> [Task statement] In the data below, one line contains "on the toe." and a later one contains "LW Collection bestekset". Print both, with every line between them, exactly and alone.
━━ Records supplied ━━
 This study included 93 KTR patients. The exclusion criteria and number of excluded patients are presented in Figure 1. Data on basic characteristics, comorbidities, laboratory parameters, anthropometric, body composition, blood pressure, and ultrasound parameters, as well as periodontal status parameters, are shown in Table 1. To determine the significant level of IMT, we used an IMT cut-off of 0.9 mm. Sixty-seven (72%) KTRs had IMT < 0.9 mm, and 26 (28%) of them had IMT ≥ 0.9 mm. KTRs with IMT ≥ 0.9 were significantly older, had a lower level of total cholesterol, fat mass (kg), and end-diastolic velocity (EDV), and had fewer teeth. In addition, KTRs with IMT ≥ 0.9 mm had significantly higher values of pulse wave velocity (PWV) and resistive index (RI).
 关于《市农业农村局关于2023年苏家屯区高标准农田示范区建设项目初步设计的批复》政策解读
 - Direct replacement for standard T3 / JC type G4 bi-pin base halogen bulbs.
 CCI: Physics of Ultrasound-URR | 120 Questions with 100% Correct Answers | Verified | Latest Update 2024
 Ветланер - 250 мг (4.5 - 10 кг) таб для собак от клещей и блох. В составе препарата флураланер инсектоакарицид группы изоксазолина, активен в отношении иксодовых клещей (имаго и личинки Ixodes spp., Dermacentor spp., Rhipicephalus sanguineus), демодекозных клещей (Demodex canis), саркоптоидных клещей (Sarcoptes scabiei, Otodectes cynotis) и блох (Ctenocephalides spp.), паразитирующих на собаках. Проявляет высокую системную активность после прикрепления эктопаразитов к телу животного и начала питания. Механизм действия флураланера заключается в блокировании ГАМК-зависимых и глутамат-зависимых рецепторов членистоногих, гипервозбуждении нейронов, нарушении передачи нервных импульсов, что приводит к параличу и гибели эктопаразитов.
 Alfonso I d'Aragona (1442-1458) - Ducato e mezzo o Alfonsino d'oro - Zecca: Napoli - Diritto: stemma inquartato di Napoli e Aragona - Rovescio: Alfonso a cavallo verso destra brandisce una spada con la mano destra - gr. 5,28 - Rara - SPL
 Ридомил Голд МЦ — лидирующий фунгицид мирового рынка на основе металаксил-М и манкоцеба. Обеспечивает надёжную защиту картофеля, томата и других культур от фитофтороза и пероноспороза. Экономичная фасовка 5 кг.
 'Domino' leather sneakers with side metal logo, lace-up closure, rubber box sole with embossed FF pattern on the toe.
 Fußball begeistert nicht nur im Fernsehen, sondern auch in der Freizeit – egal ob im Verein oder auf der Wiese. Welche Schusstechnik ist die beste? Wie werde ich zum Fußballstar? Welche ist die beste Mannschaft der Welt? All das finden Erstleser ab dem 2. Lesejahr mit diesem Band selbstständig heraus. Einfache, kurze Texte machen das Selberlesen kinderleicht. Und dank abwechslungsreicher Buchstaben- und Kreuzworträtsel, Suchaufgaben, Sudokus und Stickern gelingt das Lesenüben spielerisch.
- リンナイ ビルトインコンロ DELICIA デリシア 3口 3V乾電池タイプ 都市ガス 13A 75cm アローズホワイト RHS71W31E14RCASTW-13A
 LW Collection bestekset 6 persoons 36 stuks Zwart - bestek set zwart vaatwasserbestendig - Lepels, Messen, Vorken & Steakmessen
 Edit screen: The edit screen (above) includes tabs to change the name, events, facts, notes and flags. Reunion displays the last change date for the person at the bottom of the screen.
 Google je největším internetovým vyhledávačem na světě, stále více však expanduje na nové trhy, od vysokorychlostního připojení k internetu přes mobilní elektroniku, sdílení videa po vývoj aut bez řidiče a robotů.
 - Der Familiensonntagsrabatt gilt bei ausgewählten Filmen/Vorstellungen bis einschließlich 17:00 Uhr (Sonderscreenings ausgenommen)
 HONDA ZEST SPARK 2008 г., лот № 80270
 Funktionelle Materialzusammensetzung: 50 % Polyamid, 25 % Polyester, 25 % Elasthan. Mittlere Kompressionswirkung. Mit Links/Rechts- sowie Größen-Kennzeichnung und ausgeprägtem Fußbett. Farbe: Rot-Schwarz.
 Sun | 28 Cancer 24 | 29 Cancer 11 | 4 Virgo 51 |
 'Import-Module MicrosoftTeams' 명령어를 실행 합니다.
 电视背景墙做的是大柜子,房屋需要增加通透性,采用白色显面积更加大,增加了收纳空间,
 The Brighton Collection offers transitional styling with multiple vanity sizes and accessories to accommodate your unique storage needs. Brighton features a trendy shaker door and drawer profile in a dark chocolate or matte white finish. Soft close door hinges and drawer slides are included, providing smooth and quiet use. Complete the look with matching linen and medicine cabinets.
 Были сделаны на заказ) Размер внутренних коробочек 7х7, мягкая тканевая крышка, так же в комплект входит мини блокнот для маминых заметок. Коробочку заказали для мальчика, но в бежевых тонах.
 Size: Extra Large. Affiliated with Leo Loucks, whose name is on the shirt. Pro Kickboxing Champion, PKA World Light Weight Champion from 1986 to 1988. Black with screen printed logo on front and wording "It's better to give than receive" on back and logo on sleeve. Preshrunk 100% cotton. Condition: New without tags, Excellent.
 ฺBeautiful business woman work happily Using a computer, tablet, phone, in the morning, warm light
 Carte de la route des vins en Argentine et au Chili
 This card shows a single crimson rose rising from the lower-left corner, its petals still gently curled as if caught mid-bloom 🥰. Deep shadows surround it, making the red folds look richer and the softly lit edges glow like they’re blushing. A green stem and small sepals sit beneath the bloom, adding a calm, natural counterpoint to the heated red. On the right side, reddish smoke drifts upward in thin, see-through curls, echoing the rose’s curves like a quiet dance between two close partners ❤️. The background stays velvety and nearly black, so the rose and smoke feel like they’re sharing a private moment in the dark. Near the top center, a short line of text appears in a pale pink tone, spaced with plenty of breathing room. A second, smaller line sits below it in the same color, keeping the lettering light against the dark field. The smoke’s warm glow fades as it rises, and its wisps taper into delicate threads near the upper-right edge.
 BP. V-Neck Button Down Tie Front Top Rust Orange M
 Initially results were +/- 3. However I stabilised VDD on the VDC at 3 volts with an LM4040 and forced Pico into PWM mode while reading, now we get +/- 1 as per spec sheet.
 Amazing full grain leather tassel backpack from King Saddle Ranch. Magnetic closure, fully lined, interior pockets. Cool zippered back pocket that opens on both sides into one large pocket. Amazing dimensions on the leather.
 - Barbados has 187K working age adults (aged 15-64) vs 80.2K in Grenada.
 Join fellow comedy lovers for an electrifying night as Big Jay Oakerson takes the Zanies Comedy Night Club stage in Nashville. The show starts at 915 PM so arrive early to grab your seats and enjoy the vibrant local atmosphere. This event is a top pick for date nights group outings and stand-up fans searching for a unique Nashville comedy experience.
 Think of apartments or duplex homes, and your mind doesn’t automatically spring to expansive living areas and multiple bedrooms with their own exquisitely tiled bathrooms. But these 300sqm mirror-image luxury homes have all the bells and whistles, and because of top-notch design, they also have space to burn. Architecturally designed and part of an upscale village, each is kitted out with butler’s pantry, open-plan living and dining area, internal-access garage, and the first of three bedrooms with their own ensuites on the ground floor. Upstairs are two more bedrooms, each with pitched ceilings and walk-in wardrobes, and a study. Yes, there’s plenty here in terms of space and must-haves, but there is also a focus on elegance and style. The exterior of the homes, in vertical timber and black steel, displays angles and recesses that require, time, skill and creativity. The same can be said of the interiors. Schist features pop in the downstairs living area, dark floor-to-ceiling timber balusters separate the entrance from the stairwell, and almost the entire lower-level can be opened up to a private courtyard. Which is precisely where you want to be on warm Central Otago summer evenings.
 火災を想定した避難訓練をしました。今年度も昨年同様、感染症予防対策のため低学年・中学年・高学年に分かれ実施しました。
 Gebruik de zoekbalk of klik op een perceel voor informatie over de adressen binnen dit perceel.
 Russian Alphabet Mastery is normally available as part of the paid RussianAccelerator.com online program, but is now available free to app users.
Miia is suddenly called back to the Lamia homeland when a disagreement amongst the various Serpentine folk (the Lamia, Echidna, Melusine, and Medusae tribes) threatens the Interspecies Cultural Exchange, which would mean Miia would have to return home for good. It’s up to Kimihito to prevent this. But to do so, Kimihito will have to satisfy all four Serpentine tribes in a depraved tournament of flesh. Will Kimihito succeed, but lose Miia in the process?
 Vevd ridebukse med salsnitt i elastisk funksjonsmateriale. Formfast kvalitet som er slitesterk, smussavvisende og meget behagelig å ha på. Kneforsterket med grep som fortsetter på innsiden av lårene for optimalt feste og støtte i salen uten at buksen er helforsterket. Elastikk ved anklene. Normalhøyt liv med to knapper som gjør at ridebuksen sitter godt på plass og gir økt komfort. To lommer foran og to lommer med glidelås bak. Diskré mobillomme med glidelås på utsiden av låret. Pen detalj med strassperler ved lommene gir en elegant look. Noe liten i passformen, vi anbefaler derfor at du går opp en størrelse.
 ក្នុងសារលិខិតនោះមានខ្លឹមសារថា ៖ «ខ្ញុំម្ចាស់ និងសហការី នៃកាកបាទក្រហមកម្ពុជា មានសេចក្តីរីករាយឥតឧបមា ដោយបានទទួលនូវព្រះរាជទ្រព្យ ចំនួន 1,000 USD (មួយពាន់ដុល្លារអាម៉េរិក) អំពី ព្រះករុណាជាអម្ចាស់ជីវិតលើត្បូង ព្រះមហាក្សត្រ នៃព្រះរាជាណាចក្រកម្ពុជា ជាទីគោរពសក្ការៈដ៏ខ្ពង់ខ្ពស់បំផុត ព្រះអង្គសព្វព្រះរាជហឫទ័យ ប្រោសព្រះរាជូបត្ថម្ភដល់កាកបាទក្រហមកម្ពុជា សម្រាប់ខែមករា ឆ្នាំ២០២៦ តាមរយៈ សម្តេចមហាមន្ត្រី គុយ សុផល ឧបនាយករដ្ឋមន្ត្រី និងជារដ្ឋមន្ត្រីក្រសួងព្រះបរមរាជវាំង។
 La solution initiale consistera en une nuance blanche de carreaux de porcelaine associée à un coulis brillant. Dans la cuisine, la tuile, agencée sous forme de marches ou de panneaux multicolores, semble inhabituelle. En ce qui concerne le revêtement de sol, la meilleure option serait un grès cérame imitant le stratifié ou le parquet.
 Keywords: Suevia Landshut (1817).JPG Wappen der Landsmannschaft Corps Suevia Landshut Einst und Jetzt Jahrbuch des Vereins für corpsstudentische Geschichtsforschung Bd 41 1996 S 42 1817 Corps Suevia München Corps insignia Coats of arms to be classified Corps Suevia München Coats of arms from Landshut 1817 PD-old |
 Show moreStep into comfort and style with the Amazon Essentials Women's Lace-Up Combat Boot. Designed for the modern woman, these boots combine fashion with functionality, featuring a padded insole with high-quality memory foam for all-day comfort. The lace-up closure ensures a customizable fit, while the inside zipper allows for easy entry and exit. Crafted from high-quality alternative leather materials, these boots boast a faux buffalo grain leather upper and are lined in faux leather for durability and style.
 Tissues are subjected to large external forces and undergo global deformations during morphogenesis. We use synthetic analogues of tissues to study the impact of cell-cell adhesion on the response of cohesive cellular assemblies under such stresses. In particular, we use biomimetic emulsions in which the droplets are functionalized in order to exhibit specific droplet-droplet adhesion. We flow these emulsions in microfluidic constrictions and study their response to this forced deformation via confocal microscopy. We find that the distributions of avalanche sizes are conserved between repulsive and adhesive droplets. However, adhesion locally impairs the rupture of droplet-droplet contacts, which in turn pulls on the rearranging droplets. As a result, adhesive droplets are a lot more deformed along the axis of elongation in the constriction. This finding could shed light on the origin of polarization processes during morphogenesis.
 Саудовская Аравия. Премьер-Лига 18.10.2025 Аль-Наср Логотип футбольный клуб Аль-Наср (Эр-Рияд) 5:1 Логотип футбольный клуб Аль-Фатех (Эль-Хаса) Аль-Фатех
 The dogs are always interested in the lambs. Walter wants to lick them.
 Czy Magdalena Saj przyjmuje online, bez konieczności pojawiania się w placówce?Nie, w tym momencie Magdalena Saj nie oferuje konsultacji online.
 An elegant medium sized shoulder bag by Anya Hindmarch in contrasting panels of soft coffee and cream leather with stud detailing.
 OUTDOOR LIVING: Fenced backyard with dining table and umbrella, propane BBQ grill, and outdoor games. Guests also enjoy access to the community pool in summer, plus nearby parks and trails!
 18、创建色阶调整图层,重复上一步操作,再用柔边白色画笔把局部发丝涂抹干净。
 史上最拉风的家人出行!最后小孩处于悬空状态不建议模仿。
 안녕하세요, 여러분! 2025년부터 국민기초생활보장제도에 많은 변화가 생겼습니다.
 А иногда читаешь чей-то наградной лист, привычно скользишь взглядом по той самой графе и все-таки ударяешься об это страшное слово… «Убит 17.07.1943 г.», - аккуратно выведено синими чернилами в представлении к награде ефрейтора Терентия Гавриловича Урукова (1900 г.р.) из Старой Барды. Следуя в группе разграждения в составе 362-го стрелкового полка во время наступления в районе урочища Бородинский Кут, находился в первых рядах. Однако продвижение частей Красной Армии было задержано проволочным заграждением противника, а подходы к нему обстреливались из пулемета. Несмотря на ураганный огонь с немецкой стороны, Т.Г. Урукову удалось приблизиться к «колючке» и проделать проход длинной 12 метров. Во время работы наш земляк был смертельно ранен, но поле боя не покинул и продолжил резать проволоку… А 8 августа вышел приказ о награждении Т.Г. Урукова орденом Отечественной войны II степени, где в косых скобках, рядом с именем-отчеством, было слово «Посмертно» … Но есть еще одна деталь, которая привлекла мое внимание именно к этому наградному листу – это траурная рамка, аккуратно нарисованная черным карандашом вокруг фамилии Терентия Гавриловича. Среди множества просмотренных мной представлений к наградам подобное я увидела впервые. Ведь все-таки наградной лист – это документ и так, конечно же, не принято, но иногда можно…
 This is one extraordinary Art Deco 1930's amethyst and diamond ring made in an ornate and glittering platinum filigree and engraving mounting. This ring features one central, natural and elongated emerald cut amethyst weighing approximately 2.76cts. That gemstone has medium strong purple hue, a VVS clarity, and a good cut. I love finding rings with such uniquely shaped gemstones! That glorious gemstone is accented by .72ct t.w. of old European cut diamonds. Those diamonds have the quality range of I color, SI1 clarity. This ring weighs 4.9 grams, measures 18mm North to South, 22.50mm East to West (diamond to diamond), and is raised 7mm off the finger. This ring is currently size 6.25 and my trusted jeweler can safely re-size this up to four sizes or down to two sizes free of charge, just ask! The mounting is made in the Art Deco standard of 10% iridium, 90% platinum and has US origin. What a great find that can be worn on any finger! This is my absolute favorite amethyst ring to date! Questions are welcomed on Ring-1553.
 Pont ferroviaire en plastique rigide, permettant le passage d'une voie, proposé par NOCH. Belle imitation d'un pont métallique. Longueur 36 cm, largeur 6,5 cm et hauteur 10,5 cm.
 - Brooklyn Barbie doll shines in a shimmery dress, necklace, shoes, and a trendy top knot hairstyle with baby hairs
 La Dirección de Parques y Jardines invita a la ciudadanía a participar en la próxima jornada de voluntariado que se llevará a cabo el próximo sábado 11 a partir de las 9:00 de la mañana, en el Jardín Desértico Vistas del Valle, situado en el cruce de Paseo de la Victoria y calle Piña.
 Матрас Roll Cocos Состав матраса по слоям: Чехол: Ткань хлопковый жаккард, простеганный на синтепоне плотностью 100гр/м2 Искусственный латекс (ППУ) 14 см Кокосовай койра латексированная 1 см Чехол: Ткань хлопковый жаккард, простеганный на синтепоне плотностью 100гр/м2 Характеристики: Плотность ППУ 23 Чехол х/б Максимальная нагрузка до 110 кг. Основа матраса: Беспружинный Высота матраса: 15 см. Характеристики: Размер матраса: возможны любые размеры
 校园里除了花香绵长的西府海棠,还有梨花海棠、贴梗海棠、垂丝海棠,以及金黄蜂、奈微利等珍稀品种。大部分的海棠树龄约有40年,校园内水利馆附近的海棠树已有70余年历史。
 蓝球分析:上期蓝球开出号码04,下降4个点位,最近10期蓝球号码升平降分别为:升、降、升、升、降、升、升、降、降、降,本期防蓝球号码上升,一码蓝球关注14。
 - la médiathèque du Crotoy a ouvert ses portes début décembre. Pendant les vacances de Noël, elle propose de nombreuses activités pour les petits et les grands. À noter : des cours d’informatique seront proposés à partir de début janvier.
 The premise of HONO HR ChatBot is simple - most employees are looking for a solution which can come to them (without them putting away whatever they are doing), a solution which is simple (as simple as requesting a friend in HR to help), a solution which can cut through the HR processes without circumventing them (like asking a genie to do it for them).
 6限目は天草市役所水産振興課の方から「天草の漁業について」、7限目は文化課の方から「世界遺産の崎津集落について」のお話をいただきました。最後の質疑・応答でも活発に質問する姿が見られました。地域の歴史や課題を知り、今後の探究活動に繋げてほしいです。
━━━
> [Written response]
 'Domino' leather sneakers with side metal logo, lace-up closure, rubber box sole with embossed FF pattern on the toe.
 Fußball begeistert nicht nur im Fernsehen, sondern auch in der Freizeit – egal ob im Verein oder auf der Wiese. Welche Schusstechnik ist die beste? Wie werde ich zum Fußballstar? Welche ist die beste Mannschaft der Welt? All das finden Erstleser ab dem 2. Lesejahr mit diesem Band selbstständig heraus. Einfache, kurze Texte machen das Selberlesen kinderleicht. Und dank abwechslungsreicher Buchstaben- und Kreuzworträtsel, Suchaufgaben, Sudokus und Stickern gelingt das Lesenüben spielerisch.
- リンナイ ビルトインコンロ DELICIA デリシア 3口 3V乾電池タイプ 都市ガス 13A 75cm アローズホワイト RHS71W31E14RCASTW-13A
 LW Collection bestekset 6 persoons 36 stuks Zwart - bestek set zwart vaatwasserbestendig - Lepels, Messen, Vorken & Steakmessen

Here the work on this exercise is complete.